Well, well, well…someone finally mapped out on Twitter what we intuitively know about how innovations happens:
The more diverse a person’s social network, the more likely that person is to be innovative. A diverse network provides exposure to people from different fields who behave and think differently. Good ideas emerge when the new information received is combined with what a person already knows.
It’s really simple, interactions, not individuals, drive breakthroughs.
A lot of these random interactions happen on online networks, like Twitter. So, MIT conducted a study to find out if Twitter makes employees more innovative. They found that there’s a link between the diversity in people’s Twitter networks & the quality of their ideas:
The link between diversity in people’s Twitter networks and quality of their ideas http://t.co/FujiLoqISE pic.twitter.com/TIoIIOsZRe @mitsmr
— MITSloan ExecEd (@MITSloanExecEd) August 17, 2015
You have to break out of your network to innovate
As I wrote last week, you won’t find new ideas in the mainstream. Instead, the intersection between domains, industries and practices is where new ideas are born; and Twitter is a great tool for putting yourself in that intersection.
Getting people to interact is a key principle of innovation in both cities and online networks. So critical that cities are designing their own innovation districts to achieve cross pollination of ideas between people.
Again, getting people to interact with unusual suspects is critical for innovation because what kills most innovation isn’t lack of ideas, it’s lack of relationships. This is probably the one fact you can count on of what is necessary to make true innovation happen,because creativity doesn’t happen in one person’s head, rather in the interaction between a person’s thoughts and their context. And collaborating with individuals from different disciplines allows you to see the issue from a new perspective; which drives the potential for better ideas.

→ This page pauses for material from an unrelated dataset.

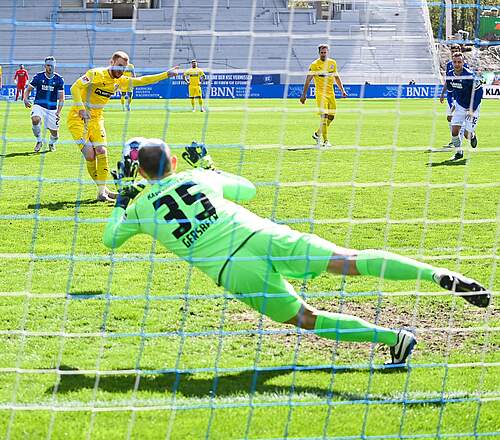 In einer weiteren Statistik ist unser Schlussmann ganz weit oben angesiedelt: im Parieren von Strafstößen. Siebenmal zeigten die Unparteiischen gegen uns auf den Elfmeterpunkt. Dreimal blieb Marius Gersbeck Sieger im Duell. Das sind starke 42 Prozent – Ligabestwert! Insgesamt konnte "Gersi" 103 Torschüsse in dieser Spielzeit abwehren – ebenfalls ein Spitzenwert.

Innovators avoid homogeneity at all costs
So, to get those great ideas to emerge, businesses and cities must design for it; including online networks like Twitter. All of this matters because homogeneity breeds failure, which means that you must design for diversity of thought; not more of the same folks which come up with more of the same ideas.
From the MIT study:
“I don’t necessarily want to follow more people. I just want to follow people whose opinions don’t always align with my own, which is kind of an ongoing battle because after a year or so of following the same people, you find that your opinions shift and morph a little, and suddenly you are with a homogenous group of people again.”
Bingo!
I believe that, if understood how to use it, Twitter is an innovation network anybody can tap into; more so than Facebook and LinkedIn. Because by it’s very nature, unlike Facebook where we connect with people we already know, Twitter is designed for collisions between unusual suspects. As they say, Facebook is for people I already know and Twitter is for people I want to know.
Bottom line: Serendipitous exchanges fuel innovation.